Soldier: Coombs in his military days. In 1982, at the age of just 17, he was assigned to Berlin
‘I can personally recall the horrible days when I fired 29 people,’ says Coombs. So how did the company survive?
‘We’ve stopped spending, letting the staff go and some customers have managed to pre-pay the rent to make us liquid.’
He remembers dining with a client at a London restaurant when two senior bankers ambushed and said, “You’re done.”
‘It’s absolutely horrible. But my answer was, ‘We’re turning business around. I am repaying these debts. If you use these techniques, the business will be ruined and you will get nothing. ‘
And we paid back one cent each – which is one reason we get money at low interest rates today. People know we will return it. ‘
By 2012, Sirius was restructured to bring its assets under management, further savings were made.
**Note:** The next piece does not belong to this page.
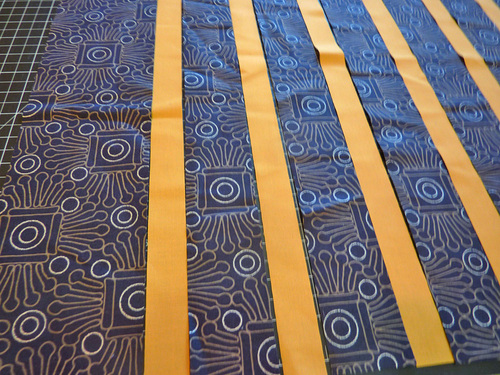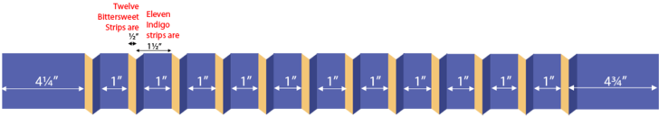 - Find all the 19″ strips. Lay them out on your work surface in order. Start with the 4¼” print strip, then alternate solid strips and print strips. The final strip in the pattern should be the 4¾” print strip.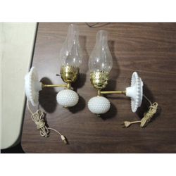 LOT 2 VINTAGE WALL HANGING HOBNAIL MILK GLASS LAMP

But the company was still discounting its assets by 70 percent, and Coombs eventually decided he wanted to raise money.
So he chose dual-listing on the Johannesburg Stock Exchange because, by his own admission – ‘South Africa is the only place we can raise money’.
The firm raised € 40 million and used the money to invest in new assets, reviving its debut at the FTSE 250 three years ago.
This is justified for Coombs, who took an unusual route to the boardroom through military and consultancy work.
After leaving school and joining the regional army, he was assigned to Berlin in 1982 at the age of just 17.
He remembers watching the Russian soldiers crossing the border with East-West Germany and stepping behind an unknown soldier’s monument.
‘It was like being in the west but when you crossed the border, the cars, clothes and everything was black and white,’ he says.
‘It was hard to grasp. It was an adventure at that age – drinking German beer, meeting German girls, it was a great experience. You will later realize its significance. ‘
A year later he joined the Grenadier Guards, part of the regular army, and served in Central America and Northern Ireland and became a qualified sniper. Coombs returned to TA in 1987 and left in 1992 as a platoon sergeant.
He initially fought outside forces – ‘I have no social skills’ – but with the help of mentors he got a sales and marketing job on the Yellow Pages and rose to the rank.
He left as manager and went on-and-off to work as a consultant to companies undergoing transformation, including British Airways.
It was later worked on Regus before joining Sirius.